José Ramón Villanueva Herrero

(publicado en: El Periódico de Aragón, 2 mayo 2019)

 

 

 

 

PATRIOTISMO REPUBLICANO

PATRIOTISMO REPUBLICANO

 

     De un tiempo a esta parte estamos asistiendo a cómo las derechas españolistas, aprovechando la tensa situación política generada por el conflicto catalán, intentan monopolizar el sentimiento patriótico de una manera excluyente y como ariete político frente a sus adversarios, con un airear de banderas y voceríos patrioteros que a nada conducen.

     El añorado político vasco Mario Onaindía Natxiondo (1948-2003), en su libro La construcción de la nación española. Republicanismo y nacionalismo en la Ilustración (2002), nos ofrece algunas claves para distinguir el verdadero significado de los conceptos de “patriotismo” y “nacionalismo”, tan manidos como instrumentalizados con harta frecuencia. De entrada, Onaindía nos recordaba que la idea de “patria” procede del latín “terra patria”, el cual constituye “uno de los conceptos fundamentales de la tradición republicana”, entendiendo por tal su acepción latina, la “res publica”, esto es el bien común, concepto éste que, nos advierte, será tomado por el nacionalismo para otorgarle un sentido muy distinto. Aunque el lenguaje corriente considera sinónimos “patriotismo” y “nacionalismo”, éstos deben de diferenciarse ya que, “para los patriotas de inspiración republicana, el valor principal es la República y la forma libre que ésta permite, en cambio, los nacionalistas consideran que los valores primordiales son la unidad espiritual y cultural del pueblo, dejando en segundo término u olvidando totalmente la lealtad hacia las instituciones que garantizan las libertades”. En consecuencia, ello implica actitudes personales distintas ya que, mientras el patriotismo “trata de producir un tipo de ciudadano libre que tiene su esfera de seguridad garantizada por las leyes y por tanto trata de defenderlas porque constituyen una barrera que salvaguarda la seguridad individual”, el nacionalismo busca una cohesión social  que “genera un individuo que trata de fundirse con la comunidad, de manera acrítica y renunciando a su esfera de autonomía individual” un nacionalismo, además,  obsesionado con  la “exaltación estatal de la raza, la lengua y la historia”, esta última siempre concebida (y mitificada) a la medida de intereses políticos concretos. Frente a ello, para Onaindía, el auténtico patriotismo republicano “no necesita unidad cultural, moral o religiosa; exige otro tipo de unidad, la unidad política, sustentada por el nexo con la idea de República, que consiste en la defensa de la ley, que garantiza la libertad”. De este modo, el concepto de “patria” sería sinónimo de “república” (res publica) y esta, de “bien común”.

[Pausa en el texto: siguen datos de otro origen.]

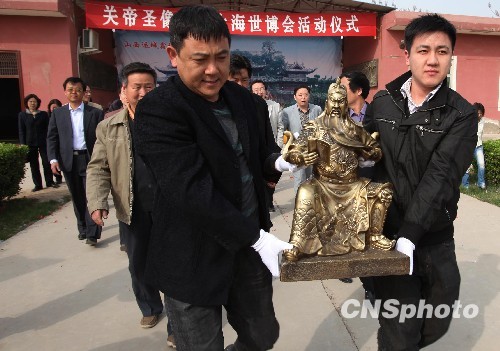 两名工作人员护送即将起驾上海世博会山西展区的关帝圣像《夜观春秋》。中新社发 卫行智 摄
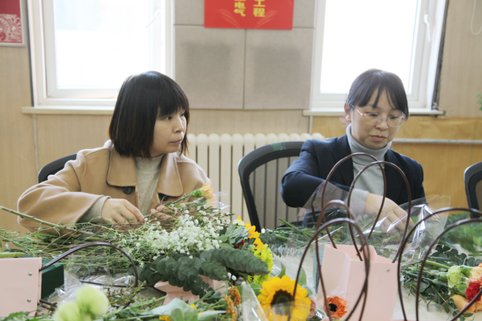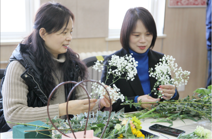 “學(xué)院工會今年‘三八’活動形式非常新穎,和同事們一起學(xué)習(xí)花藝,感覺在緊湊的教學(xué)工作中那份緊張的心情得到了放松,感覺很溫馨?!爆F(xiàn)代服務(wù)系教師常薇說。

     En esta misma línea, Cicerón, en su Tratado de las leyes, ya diferenciaba entre la atracción que se siente hacia la tierra nativa, por ejemplo, la que mueve a Ulises a volver a su Ítaca, del sentimiento que experimenta el ciudadano hacia su patria, entendida ésta como las instituciones que garantizan su libertad, haya nacido o no en ella. Y es que, por encima de bandera o símbolos, como señalaba John Milton, la patria sería el lugar en donde una persona se siente libre. Esa misma idea de asociar el concepto de “patria” y de “libertad” lo hallamos también en Diderot, para quien el patriotismo es el afecto que el pueblo siente por su patria, entendida ésta no como la tierra natal, sino como una comunidad de hombres libres que viven juntos por el bien común. Estos mismos planteamientos son los que articulan el llamado “patriotismo constitucional” de Jünger Habermas, que considera a la patria como el lugar donde el ciudadano goza de libertad, allí donde existen unas instituciones y un marco legal que la garantizan. Ello excluye, de facto, todo tipo de patrioterismo propio de mentes e ideologías reaccionarias, tan proclives a apropiarse en exclusiva del concepto de “patria” tras vaciarlo de todos los valores de libertad, justicia y convivencia pacífica en la diversidad que le son propios.

     Por todo lo dicho, el patriotismo republicano  confronta con la actitud de quienes siempre han pretendido imponer su supuesto “patriotismo”,  más bien patrioterismo, por cualquier medio, incluso recurriendo a la violencia: por ello resultan tan rechazables y peligrosos quienes se sienten herederos de los que en el pasado quisieron edificar “su España” matando españoles a lo largo de nuestra agitada y sangrante historia, una reflexión que resulta especialmente oportuna en estos días en que se recuerda el 80º aniversario del final de la Guerra de España de 1936-1939.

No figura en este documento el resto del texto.